The Saracens remained in the city for a year, until the Aragonese entered the town and liberated it. But Otranto now retained very little of its old charm. The abbey of Casole had been destroyed, as well as commerce and the Cathedral. A reconstruction was urgently needed and the Aragonese were immediately aware of it. They immediately set to work, putting the Cathedral and the walls back on their feet. The convents of the Dominicans, of San Francesco and of the observers were rebuilt and, at the end of the 14th century, that of the Capuchins.
Otranto is also home to the Cathedral mosaic floor that the monk Pantaleone, belonging to San Nicola di Casole, executed on commission from the Bishop of Otranto, between 1163 and the 1165. which represents one of the most important mosaic cycles of the Italian Middle Ages. An extraordinary and grandiose work, animated by a sense of horror vacui due to the compositional flair that runs through it, and has been compared to an encyclopedia of images of the time and culture of the Middle Ages.
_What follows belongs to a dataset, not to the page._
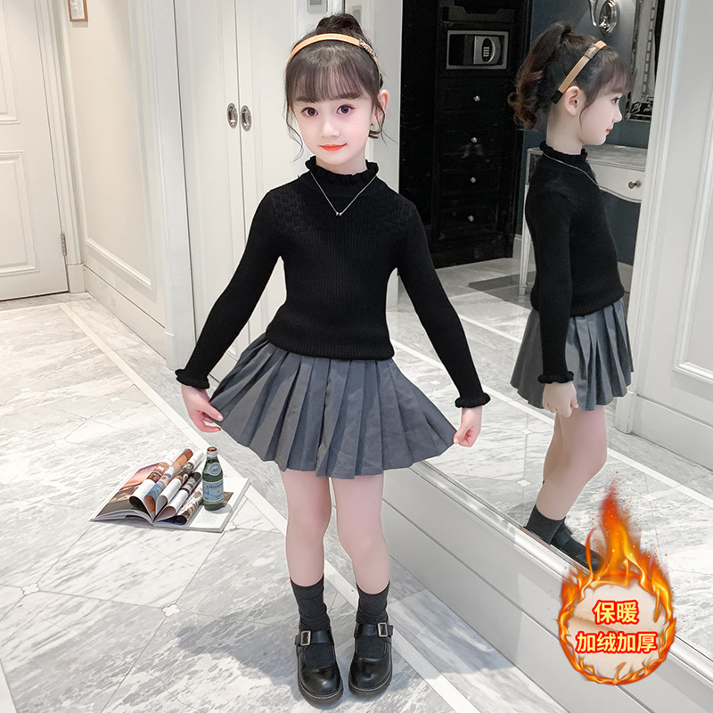여아 스웨터 2021 새로운 한국 스타일 슬림핏 스트레치 기모 두꺼운 니트 스웨터 스타일리스트 모든 매치 레이스 스웨터스토어 가기
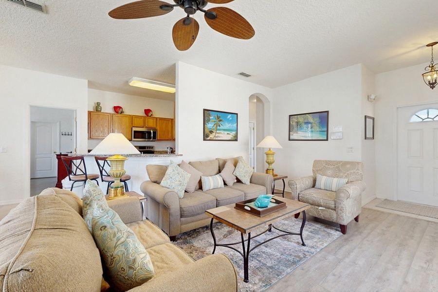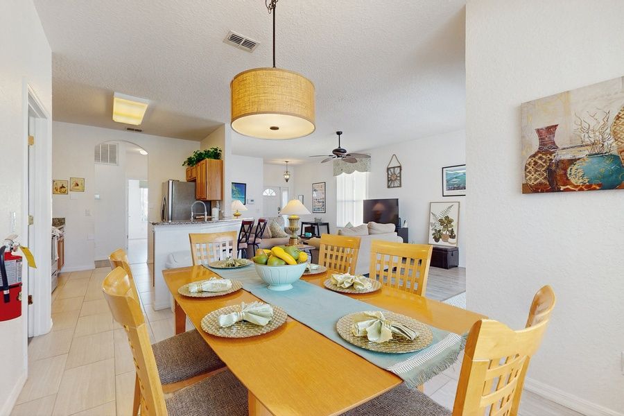 Welcome to your dream Florida getaway! This modern 4-bedroom, 2-bath home is nestled in the serene Highlands Reserve Golf Community in Davenport, offering the perfect blend of comfort and convenience. With a spacious open-plan layout, this stylish one-story home is designed to accommodate families or groups of up to 8 guests, making it an ideal retreat after a day of exploring nearby attractions.

It does not seem to find equivalents, in terms of complexity and level of elaboration, with other contemporary mosaics.
BAUXITE LAKE – BAY OF ORTE
Near the baia delle Orte, located a few kilometers south of Otranto along the coast road that leads to Santa Maria di Leuca, there is a very characteristic and well-known lake, which it originates in a former bauxite quarry now abandoned, which has given the water an intense emerald colour, rich in shades of great beauty. We are also near the Punta Palascia lighthouse, a sign that we are in the easternmost point of all of Italy.
MASSERIA CIPPANO
Masseria Cippano became an integral part of that defensive system wanted by the then emperor of the Holy Roman Empire, Charles V, in direct communication with Torre Sant’Emiliano >, from which to receive and forward the danger message in the innermost areas of the hinterland.
Equipped with a tower (about 15 meters high) organized on two floors, enriched by a staircase with a drawbridge. A fortified structure equipped with machicolations, enclosed by rampart walls and supplied with water by a system of cisterns capable of collecting, filtering and transporting the precious liquid to the various rooms. A place of work and war, of life against the cruelty of the Turks. Ozpetek’s film Mine vaganti was filmed here.
PORTO BADISCO
Porto Badisco is a pearl of rare scenic beauty. A crystal clear sea invites you to swim in every month of the year and the bar «da Carlo» with its prominent square will not fail to cheer you up in the sunny hours. Following the coast road to the south, you come across Torre Minervino a Saracen tower These are the coastal towers, the legacy of a fortification plan commissioned by Charles V in the 16th century to defend the southern coasts from the bloody invasions of Turkish raiders who arrived from the sea. Indeed, from the sea came the danger to be averted with the cry of “mamma… the Turks“.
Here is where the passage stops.